● TASK INSTRUCTIONS: Both the line with "표시사항 | 상품 상세페이지 참조 |" and the line with "Myyntitilausraportin funktionäppäimet" in the records below must appear in the output, along with every line between them, exactly and with nothing added.

● STORED DATA:
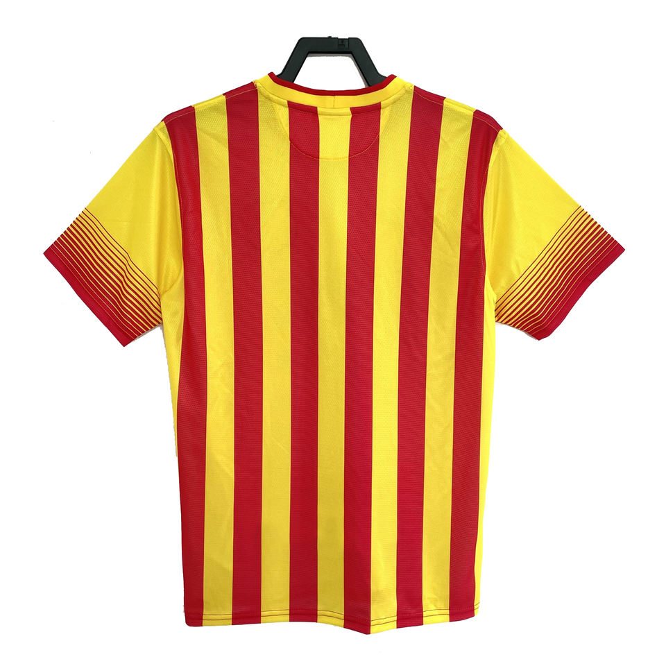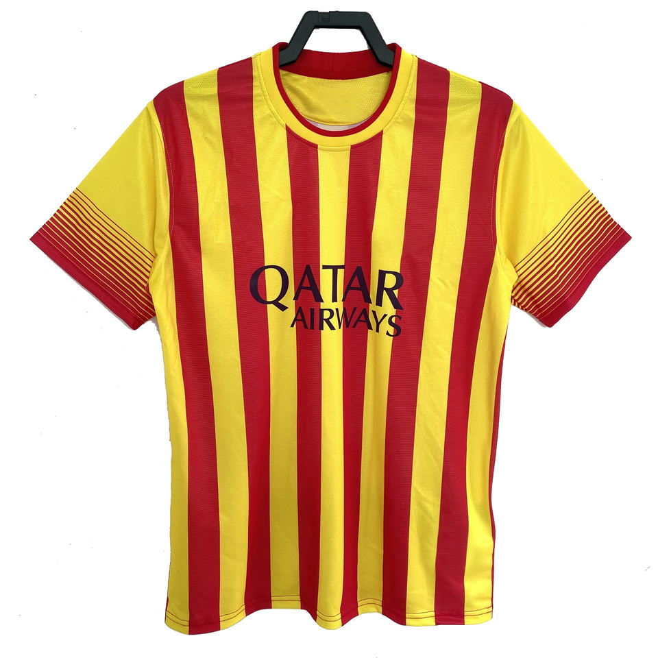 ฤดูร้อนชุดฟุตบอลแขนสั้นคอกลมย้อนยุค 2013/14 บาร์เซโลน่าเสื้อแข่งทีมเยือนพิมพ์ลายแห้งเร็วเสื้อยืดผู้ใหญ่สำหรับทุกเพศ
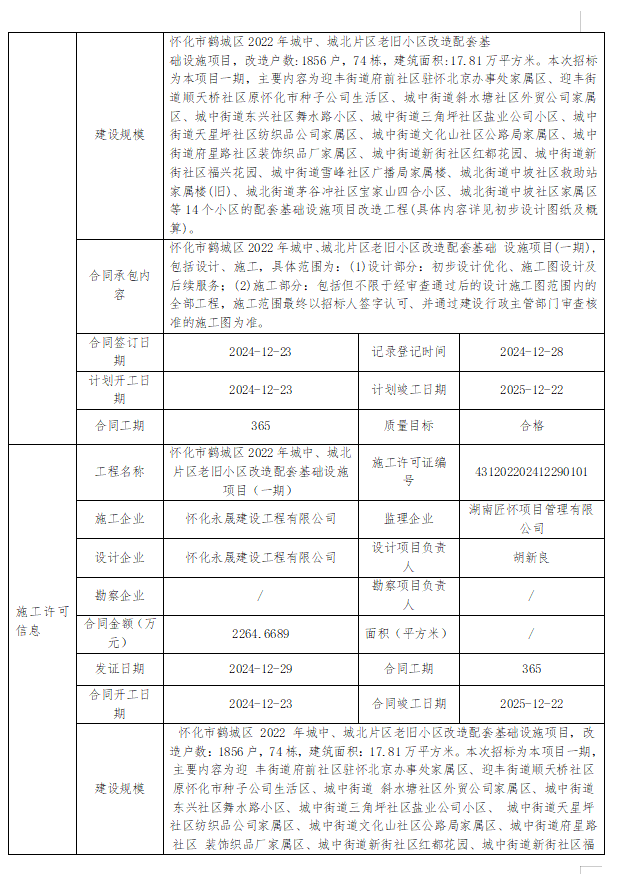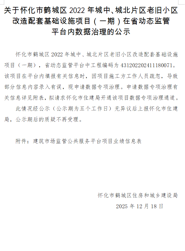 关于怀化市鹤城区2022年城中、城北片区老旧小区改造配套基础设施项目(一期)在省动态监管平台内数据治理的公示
--
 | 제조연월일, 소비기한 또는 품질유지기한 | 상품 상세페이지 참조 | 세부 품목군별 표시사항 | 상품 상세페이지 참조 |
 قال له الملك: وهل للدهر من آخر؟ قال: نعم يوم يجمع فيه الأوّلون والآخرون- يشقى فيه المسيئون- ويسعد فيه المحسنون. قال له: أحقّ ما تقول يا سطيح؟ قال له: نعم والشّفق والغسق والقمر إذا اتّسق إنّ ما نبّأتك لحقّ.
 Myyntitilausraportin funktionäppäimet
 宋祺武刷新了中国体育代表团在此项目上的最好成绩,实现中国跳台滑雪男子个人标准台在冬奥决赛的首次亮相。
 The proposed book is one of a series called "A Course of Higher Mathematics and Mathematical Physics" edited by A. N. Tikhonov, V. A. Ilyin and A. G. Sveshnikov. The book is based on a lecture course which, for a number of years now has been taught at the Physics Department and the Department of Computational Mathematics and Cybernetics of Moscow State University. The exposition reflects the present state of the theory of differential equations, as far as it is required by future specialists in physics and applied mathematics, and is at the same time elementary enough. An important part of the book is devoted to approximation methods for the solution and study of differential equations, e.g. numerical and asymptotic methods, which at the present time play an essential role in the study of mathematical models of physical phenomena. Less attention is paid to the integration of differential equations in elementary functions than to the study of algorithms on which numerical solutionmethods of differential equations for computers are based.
--
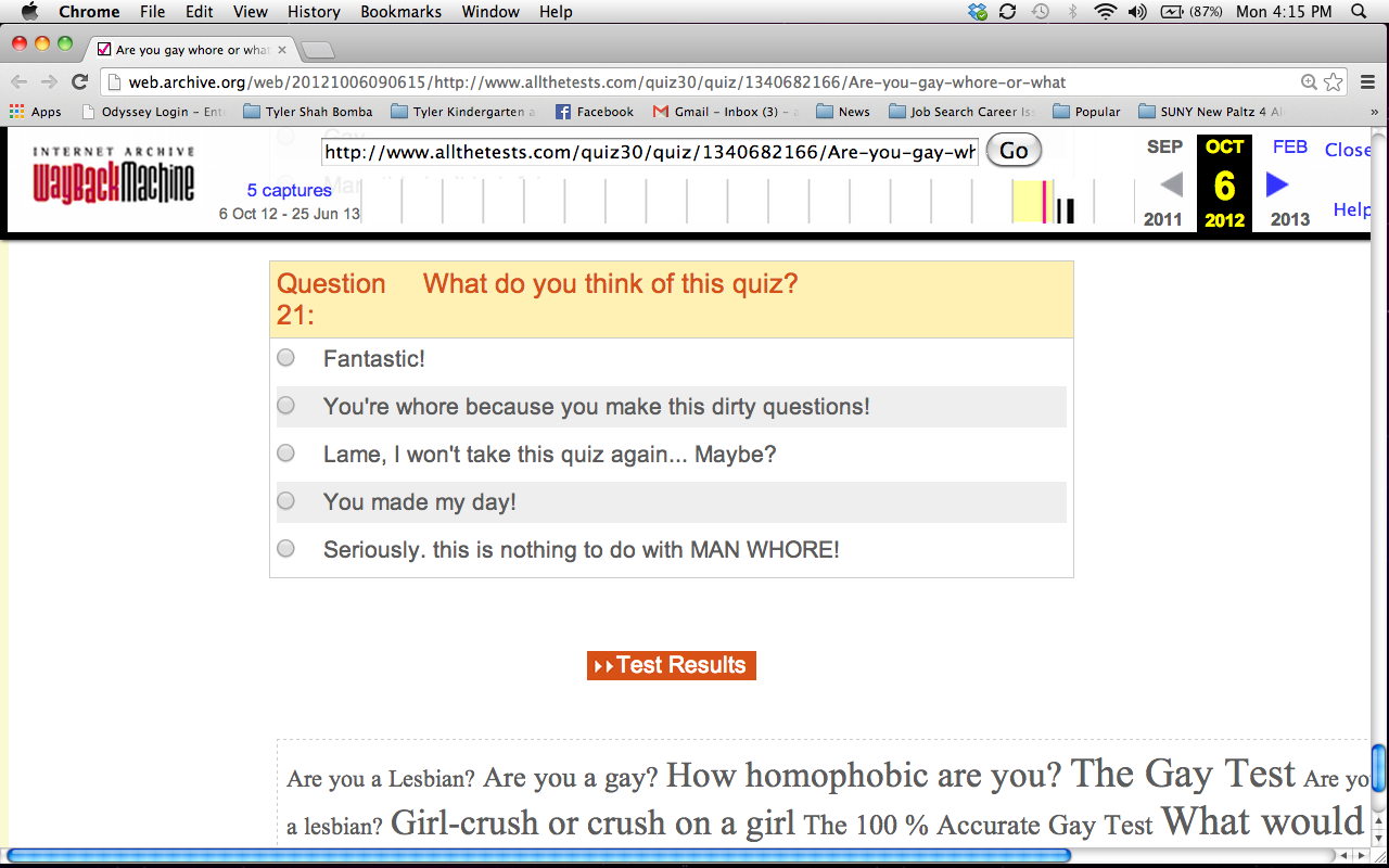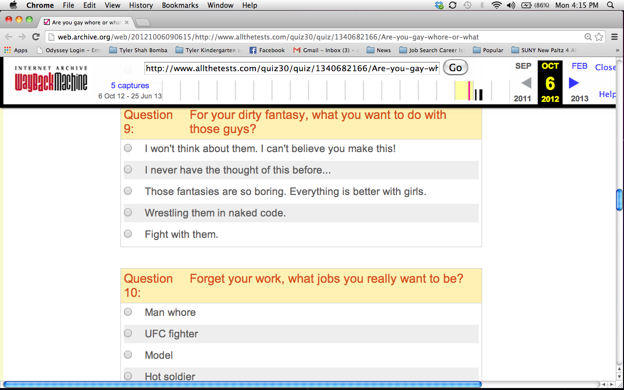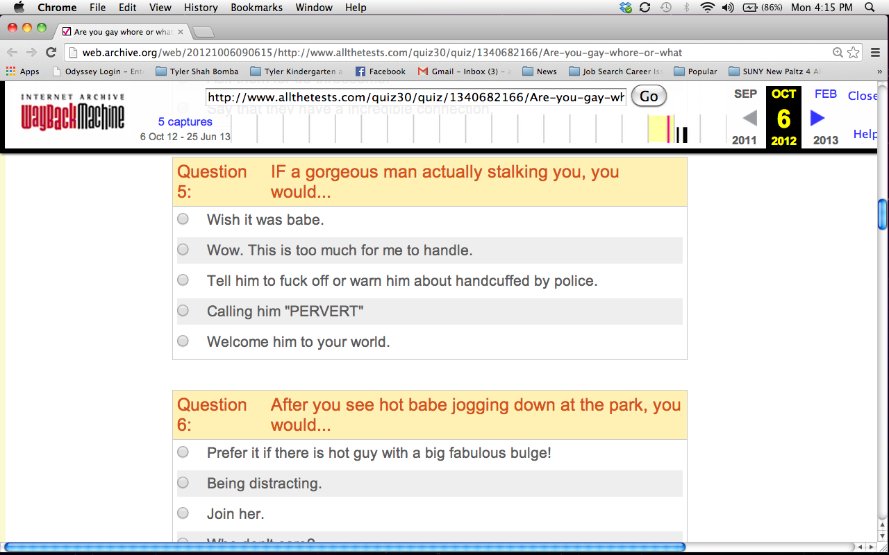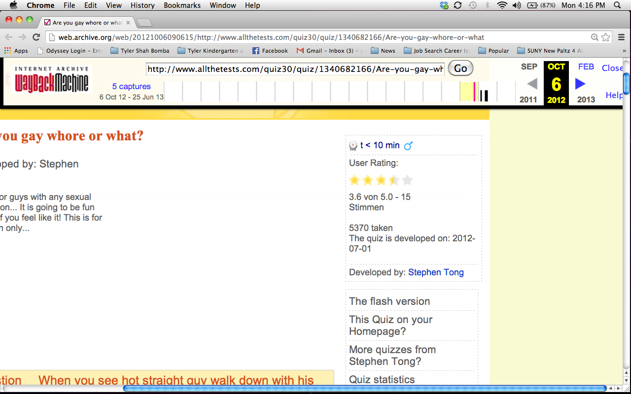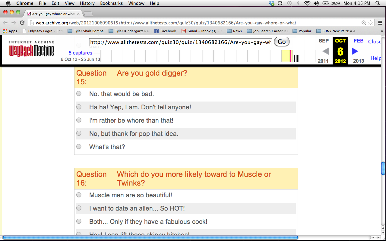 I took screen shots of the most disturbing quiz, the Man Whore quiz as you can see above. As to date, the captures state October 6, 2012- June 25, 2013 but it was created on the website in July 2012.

● RESPONSE BOX:
 | 제조연월일, 소비기한 또는 품질유지기한 | 상품 상세페이지 참조 | 세부 품목군별 표시사항 | 상품 상세페이지 참조 |
 قال له الملك: وهل للدهر من آخر؟ قال: نعم يوم يجمع فيه الأوّلون والآخرون- يشقى فيه المسيئون- ويسعد فيه المحسنون. قال له: أحقّ ما تقول يا سطيح؟ قال له: نعم والشّفق والغسق والقمر إذا اتّسق إنّ ما نبّأتك لحقّ.
 Myyntitilausraportin funktionäppäimet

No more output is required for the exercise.